The dialogue spouted by the demon is hateful to Vampirella but not to women in general. He treats her as he would any killer of brethren. Her natural strengths and prowess have not been diluted because she's a woman. They have been reduced due to the psychological block of her younger self's personality usurping her more experienced personality. Indeed, it's the child that many would like a woman to be that weakens Vampirella.

The demon does not wish force sex. It wishes to cause Vampirella pain, and there is no implication of rape. The actions of the demon do not provide voyeuristic entertainment, where Vampirella is a metaphor for any woman, beaten down to her "proper place" by a man.

The way in which Lilly stages the scenes exhibit more than skill. He displays an understanding of the meaning behind poses and body language. Vampirella is framed in these panels to create the illusion that she is small. This reinforces the theme of she being reduced to a child-like state. Again, there's no implication of a woman being small before a man.

Lilly through forced perspective inflates the demon's size and threat. When the actual torture occurs, the demon aims his whip at Vampirella's face, not her breasts. When Vampirella falls the frame centers around Vampirella's face. The object of the writer and artist is to show pain not an excuse for Vampirella's body.

In the next panel, the demon cracks the whip against Vampirella's back. The skimpiness of Vampirella's traditional costume should emphasize her attributes, but the pose chosen by Lilly is neither sexy nor sensual, and you can clearly see the pain expressed by the character. Lilly captures the scene's entirety. The demon in the corner whips his victim in the other corner, and he also uses artistic license to give Vampirella a more angular appearance to play down suppleness. She almost appears to mimic a cat shocked by electricity.

The demon grabs a fistful of Vampirella's hair and pulls her head off the ground. Lilly carefully positions the demon behind her. It towers over Vampirella, and the positioning of the demon and Vampirella make it impossible for the suggestion of rape. The next panel shows the demon personally slashing her face. The demon's rationale is to rob Vampirella of her beauty that which the demon assumes she treasures the most, and take away her identity, which all treasure the most.

The next page done in black serves as a backdrop for falling shard-like panels. The first shows the aftermath of the demon's assault. Vampirella's wounds bleed profusely and without any hint of sex appeal. In the next two shards, Vampirella begins to regain her senses. In the final panel, Vampirella returns, and here Lilly draws an angry, deadly face of a demon-killer.
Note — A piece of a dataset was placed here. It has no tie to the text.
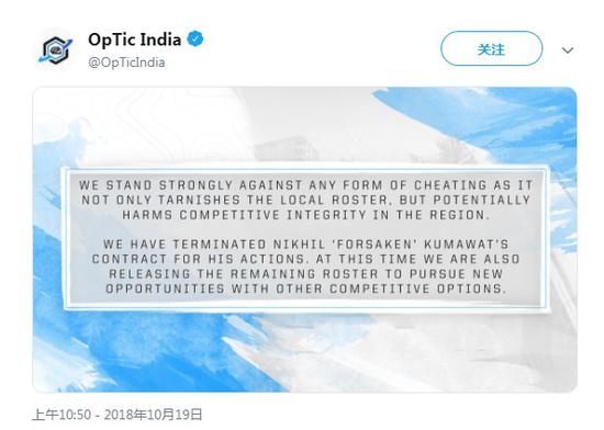 在昨天下午举办的《CS:GO》极限之地线下赛中,来着印度战队Opitc India的选手Forsaken因使用微自瞄辅助作弊工具被抓现行,赛事官方也发布公告,取消了Optic India本次比赛的的所有成绩。 官方证实在Forsaken的电脑上发现事情不对后,比赛暂停了20多分钟,他们花了很长时间才确定Forsaken是否作弊,因为他拒绝裁判查看他的电脑,然后关闭并删除了一个在后台运行的程序。 视频加载中,请稍候... 自动播放 《CS:GO》选手试图删除作弊程序: Optic India的高管Jesal Parekh表示:“我们要向所有其他的队伍和组织道歉,这对所有参与者都是不公平的,我们也想向我们的国家和支持我们的粉丝道歉,这对于国家而言将是一个很大的挫折,而且不幸的是,这一切仅仅是一个人的自私行为导致。我想非常清楚地告诉大家,其他四位队员对此并不知情,如果有一丝了解,他们也不会同意比赛。” 尽管如此,今天Optic India在推特宣布,除了解除与Forsaken的合同之外,依然要开除这支战队的全部成员。 |

Once the woman has taken back the throne from the child Carey and Lilly proceed to display what would have happened had the demon attempted to torture Vampirella and not her younger self. This is a stunning display of Vampirella's strength, visually represented by a taut musculature and accented in such a way that actually conceals her breasts and her experience and intelligence in battle. They also give the demon more honor by having him state:

"So, you're in your right mind again. That suits me well, I'd rather take you as an equal.

Despite Vampirella wearing the scantest uniform of any super-hero ever created there is no hatred for womankind or sexism in Revelations. Instead, readers find one of the few still resonant, still capable, still impressive characters created in the silver age.